• **Task statement**: Lines from the line with "DJ (松哥)《爱人跟人走》鼓谱 - 架子鼓谱" to the line with "Магнитные бури в" in the entries below, and only those, must be output exactly, with both ends included.

• **Records to process**:
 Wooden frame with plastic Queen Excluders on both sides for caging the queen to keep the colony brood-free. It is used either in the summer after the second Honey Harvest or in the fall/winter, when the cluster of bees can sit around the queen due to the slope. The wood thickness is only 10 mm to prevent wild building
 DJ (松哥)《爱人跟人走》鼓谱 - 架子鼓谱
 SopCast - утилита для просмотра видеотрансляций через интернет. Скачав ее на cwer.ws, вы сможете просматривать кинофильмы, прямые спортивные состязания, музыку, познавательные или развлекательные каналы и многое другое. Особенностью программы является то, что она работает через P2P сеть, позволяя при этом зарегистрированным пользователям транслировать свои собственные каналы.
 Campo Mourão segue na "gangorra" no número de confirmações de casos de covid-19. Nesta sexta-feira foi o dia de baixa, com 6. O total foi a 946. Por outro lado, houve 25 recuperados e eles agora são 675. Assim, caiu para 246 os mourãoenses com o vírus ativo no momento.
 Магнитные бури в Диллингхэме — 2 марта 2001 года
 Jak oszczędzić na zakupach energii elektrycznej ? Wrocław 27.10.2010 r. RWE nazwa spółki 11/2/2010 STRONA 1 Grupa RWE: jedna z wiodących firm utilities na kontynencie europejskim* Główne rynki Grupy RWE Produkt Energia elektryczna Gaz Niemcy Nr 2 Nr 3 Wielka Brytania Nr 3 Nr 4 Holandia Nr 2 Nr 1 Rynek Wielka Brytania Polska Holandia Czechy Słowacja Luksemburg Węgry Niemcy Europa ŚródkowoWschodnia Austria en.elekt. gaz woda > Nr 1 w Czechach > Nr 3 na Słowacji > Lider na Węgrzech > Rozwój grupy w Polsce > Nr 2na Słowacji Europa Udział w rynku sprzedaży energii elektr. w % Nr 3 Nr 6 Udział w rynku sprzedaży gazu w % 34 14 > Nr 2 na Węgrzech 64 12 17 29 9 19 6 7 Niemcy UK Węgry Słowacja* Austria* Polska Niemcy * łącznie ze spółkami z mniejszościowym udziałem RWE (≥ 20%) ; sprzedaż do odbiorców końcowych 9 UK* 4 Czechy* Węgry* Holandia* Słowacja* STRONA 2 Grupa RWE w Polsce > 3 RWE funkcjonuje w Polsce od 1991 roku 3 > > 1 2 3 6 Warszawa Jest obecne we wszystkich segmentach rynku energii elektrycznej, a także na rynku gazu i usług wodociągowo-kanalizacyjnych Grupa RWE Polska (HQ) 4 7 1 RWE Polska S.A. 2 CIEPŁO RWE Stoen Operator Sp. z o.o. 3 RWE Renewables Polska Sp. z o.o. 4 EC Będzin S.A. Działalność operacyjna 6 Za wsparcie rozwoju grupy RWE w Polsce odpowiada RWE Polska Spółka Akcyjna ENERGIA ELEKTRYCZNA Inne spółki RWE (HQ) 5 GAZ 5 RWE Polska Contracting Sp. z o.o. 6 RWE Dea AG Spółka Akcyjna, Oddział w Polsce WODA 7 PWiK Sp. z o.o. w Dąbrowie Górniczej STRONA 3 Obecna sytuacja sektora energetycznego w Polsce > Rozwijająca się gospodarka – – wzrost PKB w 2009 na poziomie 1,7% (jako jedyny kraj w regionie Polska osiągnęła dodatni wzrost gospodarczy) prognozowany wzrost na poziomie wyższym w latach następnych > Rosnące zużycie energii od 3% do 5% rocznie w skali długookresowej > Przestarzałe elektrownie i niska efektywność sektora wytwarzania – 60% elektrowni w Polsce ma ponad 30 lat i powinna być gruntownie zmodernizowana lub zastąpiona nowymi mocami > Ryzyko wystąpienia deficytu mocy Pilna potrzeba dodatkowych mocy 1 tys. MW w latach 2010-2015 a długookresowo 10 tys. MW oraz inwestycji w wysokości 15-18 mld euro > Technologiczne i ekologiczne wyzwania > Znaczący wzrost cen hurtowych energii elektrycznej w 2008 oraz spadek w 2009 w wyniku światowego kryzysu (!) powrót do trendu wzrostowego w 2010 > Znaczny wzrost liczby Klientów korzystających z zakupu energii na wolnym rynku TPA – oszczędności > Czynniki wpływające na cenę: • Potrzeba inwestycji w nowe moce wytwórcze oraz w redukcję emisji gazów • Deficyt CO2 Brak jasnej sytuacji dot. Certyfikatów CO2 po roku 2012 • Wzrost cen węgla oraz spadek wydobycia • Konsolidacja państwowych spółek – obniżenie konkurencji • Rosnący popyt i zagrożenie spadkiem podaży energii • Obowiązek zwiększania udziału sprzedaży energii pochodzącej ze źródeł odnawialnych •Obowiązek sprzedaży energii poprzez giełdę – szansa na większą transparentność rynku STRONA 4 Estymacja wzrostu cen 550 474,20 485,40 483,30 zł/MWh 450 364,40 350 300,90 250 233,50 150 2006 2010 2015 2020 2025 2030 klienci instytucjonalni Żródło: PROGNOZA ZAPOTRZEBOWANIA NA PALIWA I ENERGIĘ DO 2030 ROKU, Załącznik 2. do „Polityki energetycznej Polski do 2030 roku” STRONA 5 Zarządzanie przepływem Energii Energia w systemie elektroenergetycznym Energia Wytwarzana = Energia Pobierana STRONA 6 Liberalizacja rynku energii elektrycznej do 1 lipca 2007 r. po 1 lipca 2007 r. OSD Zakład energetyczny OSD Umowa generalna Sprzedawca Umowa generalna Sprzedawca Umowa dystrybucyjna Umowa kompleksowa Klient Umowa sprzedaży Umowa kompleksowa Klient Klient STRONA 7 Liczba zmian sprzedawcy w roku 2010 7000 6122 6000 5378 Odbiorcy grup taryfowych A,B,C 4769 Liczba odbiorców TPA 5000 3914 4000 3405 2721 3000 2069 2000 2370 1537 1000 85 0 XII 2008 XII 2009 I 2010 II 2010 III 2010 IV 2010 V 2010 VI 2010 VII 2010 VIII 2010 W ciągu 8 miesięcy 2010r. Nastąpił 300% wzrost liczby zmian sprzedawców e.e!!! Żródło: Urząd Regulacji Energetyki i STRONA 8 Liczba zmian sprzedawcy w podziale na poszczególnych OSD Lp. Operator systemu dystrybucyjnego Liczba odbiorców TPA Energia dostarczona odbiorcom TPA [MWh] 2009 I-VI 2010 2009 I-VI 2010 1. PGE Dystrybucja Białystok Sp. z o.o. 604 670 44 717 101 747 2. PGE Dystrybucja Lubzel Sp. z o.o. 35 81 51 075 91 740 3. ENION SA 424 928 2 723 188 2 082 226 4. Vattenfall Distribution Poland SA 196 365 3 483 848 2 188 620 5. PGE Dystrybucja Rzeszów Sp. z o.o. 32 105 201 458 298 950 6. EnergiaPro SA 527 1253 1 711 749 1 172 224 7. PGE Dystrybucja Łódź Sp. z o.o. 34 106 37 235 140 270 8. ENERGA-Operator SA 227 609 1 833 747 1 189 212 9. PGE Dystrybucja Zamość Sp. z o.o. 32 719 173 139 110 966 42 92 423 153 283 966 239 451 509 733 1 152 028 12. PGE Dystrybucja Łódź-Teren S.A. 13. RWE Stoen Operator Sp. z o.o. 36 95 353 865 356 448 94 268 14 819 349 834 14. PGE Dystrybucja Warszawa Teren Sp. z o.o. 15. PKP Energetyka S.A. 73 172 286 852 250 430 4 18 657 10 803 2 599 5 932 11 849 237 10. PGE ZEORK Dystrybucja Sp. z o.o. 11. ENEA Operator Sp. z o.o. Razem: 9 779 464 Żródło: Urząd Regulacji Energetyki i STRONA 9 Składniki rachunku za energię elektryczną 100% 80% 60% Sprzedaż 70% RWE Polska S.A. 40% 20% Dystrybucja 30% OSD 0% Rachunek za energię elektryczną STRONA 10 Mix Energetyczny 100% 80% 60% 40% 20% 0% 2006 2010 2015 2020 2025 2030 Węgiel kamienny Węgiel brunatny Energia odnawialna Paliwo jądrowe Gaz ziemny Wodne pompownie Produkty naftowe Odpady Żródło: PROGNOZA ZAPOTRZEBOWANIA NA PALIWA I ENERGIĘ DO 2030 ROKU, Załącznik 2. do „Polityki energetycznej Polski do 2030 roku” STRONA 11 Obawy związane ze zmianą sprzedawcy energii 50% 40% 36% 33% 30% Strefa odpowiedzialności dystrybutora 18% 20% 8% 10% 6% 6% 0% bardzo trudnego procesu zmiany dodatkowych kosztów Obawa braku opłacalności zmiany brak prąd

--

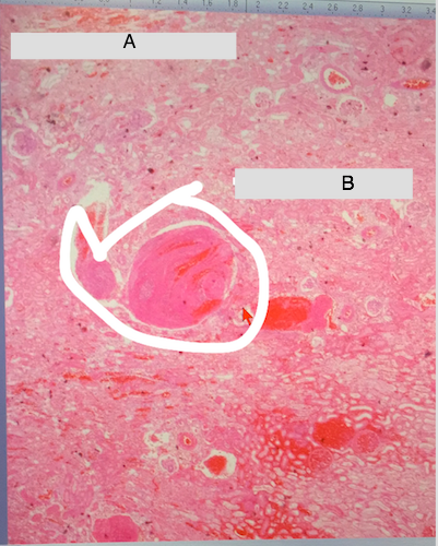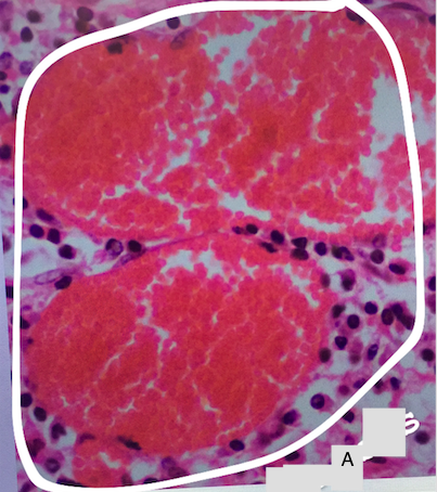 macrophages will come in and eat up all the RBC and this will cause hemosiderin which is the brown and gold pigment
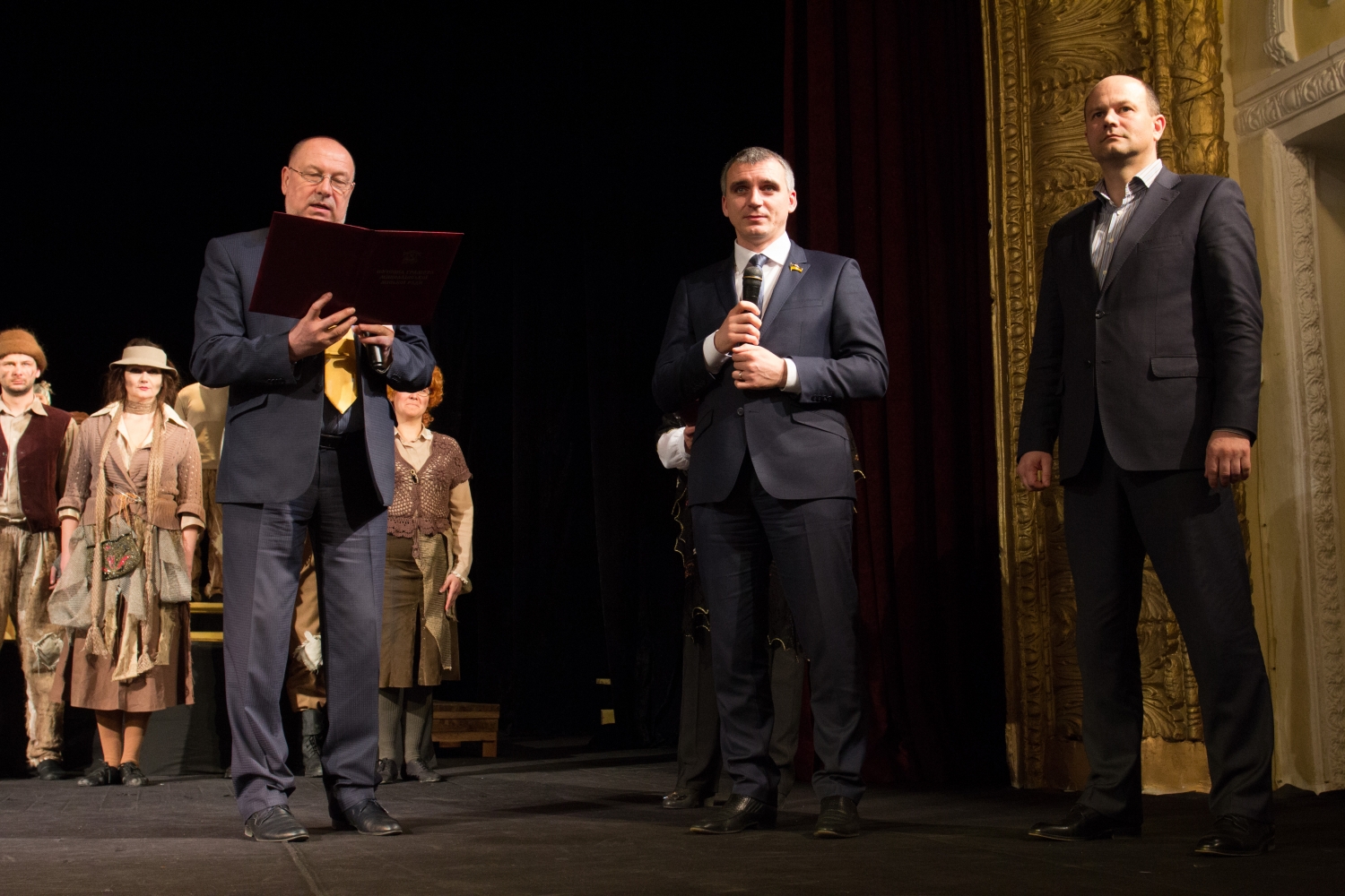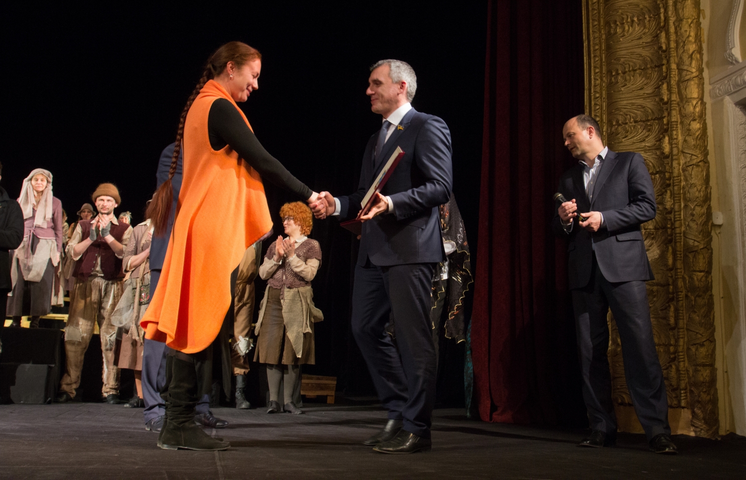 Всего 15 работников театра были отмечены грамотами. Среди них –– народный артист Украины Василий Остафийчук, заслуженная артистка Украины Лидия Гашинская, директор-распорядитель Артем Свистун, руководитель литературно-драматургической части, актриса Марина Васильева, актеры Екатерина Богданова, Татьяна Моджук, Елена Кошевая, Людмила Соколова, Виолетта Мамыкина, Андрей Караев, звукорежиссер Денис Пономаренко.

• **Response below**:
 DJ (松哥)《爱人跟人走》鼓谱 - 架子鼓谱
 SopCast - утилита для просмотра видеотрансляций через интернет. Скачав ее на cwer.ws, вы сможете просматривать кинофильмы, прямые спортивные состязания, музыку, познавательные или развлекательные каналы и многое другое. Особенностью программы является то, что она работает через P2P сеть, позволяя при этом зарегистрированным пользователям транслировать свои собственные каналы.
 Campo Mourão segue na "gangorra" no número de confirmações de casos de covid-19. Nesta sexta-feira foi o dia de baixa, com 6. O total foi a 946. Por outro lado, houve 25 recuperados e eles agora são 675. Assim, caiu para 246 os mourãoenses com o vírus ativo no momento.
 Магнитные бури в Диллингхэме — 2 марта 2001 года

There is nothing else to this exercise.